Produced by the Public Affairs Research Institute (PARI), the project investigates the everyday realities of residents in Mountain City and Phumla Mqashi. Mahlatse Rampedi, a researcher at PARI, explains that the striking title “Surviving on Four Buckets” is derived from writing found plastered across water tanks in Mountain City. The phrase reflects the community’s self-organized rationing system, designed to ensure that the scarce water supply is distributed evenly among households.
The Institutionalization of Temporary Fixes
While water truck and tank relief systems were initially intended as short-term interventions, Rampedi notes they have become a permanent feature of urban water provision. Mountain City has never had access to piped water, while Phumla Mqashi lost its supply around 2017.
This prolonged reliance on temporary infrastructure has sparked growing frustration, leading to recent service delivery protests in areas like Ratanda in Heidelberg. There, residents are actively demanding permanent tap water rather than continuous water tanker deliveries. Rampedi notes that while communities often try to self-organize and solve problems by pooling resources to add to water infrastructure, severe scarcity frequently leaves protesting as the only way to be heard by the state.
The Disproportionate Human Toll
The physical and emotional labor of securing water falls disproportionately on women, girls, the elderly, people with disabilities, and children. Rampedi highlights that women are frequently the ones managing the day-to-day logistics, waiting at tankers, carrying containers, and deciding how the limited supply will be used for cooking, cleaning, and childcare.
The physical toll is immense. In Phumla Mqashi, when tanker deliveries fail, residents are forced to walk up to two kilometers across the Golden Highway in Lenasia to collect water from petrol stations and local mosques. In the hilly, rocky terrain of Mountain City, where wheelbarrows cannot be used, fetching a single bucket can take 30 to 45 minutes.
This grueling routine frequently causes children to arrive late for school or attend without basic hygiene supplies. Furthermore, the constant uncertainty of whether tankers will arrive causes severe emotional stress, disrupting family relationships, childcare, and residents’ sense of security.
A Failure of Governance
When examining the root causes of the crisis, Rampedi argues that while supply and maintenance are factors, the core issue is a failure of governance. The lack of permanent infrastructure and irregular delivery schedules have forced communities to take matters into their own hands.
Residents frequently pool resources to purchase communal tanks and approach Johannesburg Water to service them. However, Rampedi points out that these community-led alternatives lack formal regulations or policies, representing a massive missed opportunity for collaborative state-community development. The issue is not merely a technical problem of needing more water, but a failure in state planning, infrastructure maintenance, and communication with communities regarding their right to water.
The Hidden Financial Costs
Perhaps the most alarming finding of the research is the hidden financial burden placed on the poorest households.

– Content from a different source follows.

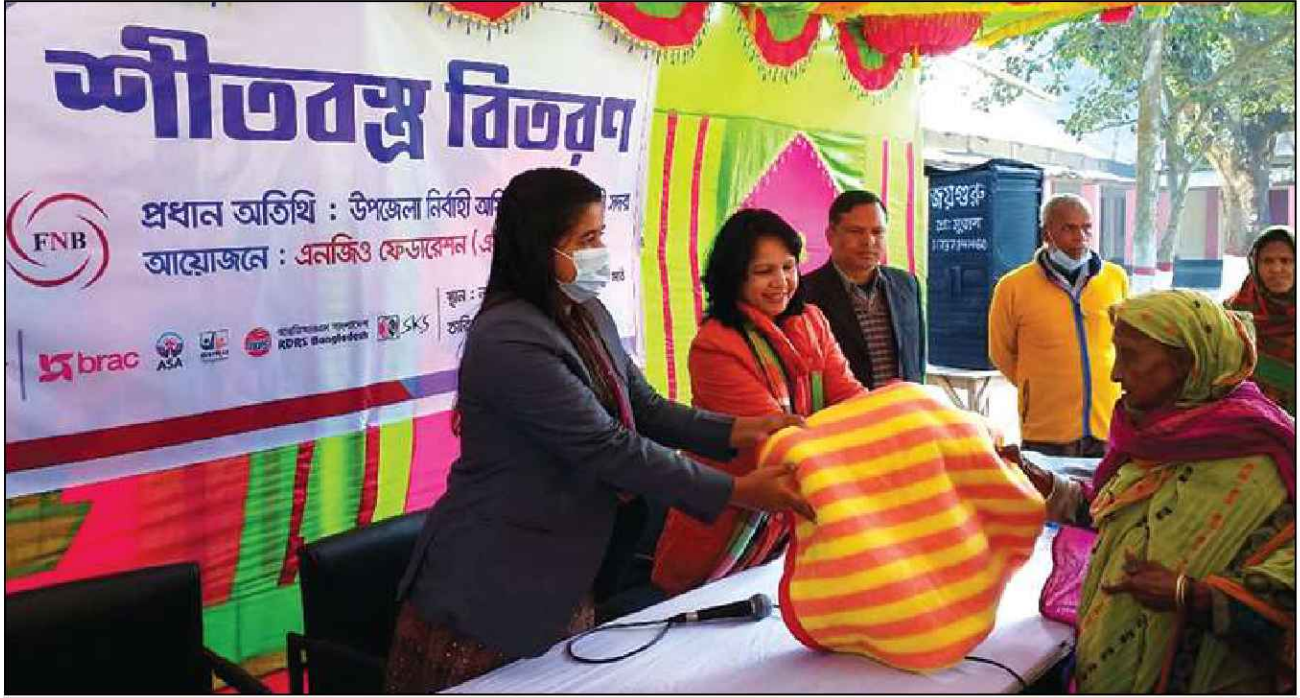
নীলফামারী জেলায় কম্বল বিতরণ করেন উপজেলা নির্বাহী কর্মকর্তা (সদর)

While municipal water tariffs are relatively low—costing just under R30 per kiloliter (about 29 cents per liter)—the actual cost of accessing water is exponentially higher.
Residents must continually replace basic equipment, including buckets (R30 to R40), large drums (R120), wheelbarrows (R1,300), and 2,500-liter home tanks (R2,700). These items often need to be replaced every six months.
Furthermore, an informal water market has emerged within these settlements. Residents who cannot fetch water themselves must pay others to do it, or buy directly from informal vendors. Rampedi reveals that the average cost in this informal market is R10 per liter, equating to R500 per kiloliter. This represents a staggering markup of more than 1,500% compared to standard municipal rates.
“The most vulnerable in this particular case are the ones that pay pretty much the largest cost,” Rampedi explains, noting that the intricate expenses of buckets, labor, and purchased water remain largely unacknowledged. For communities like Phumla Mqashi and Mountain City, survival is measured in buckets, and the wait for a sustainable, permanent solution continues.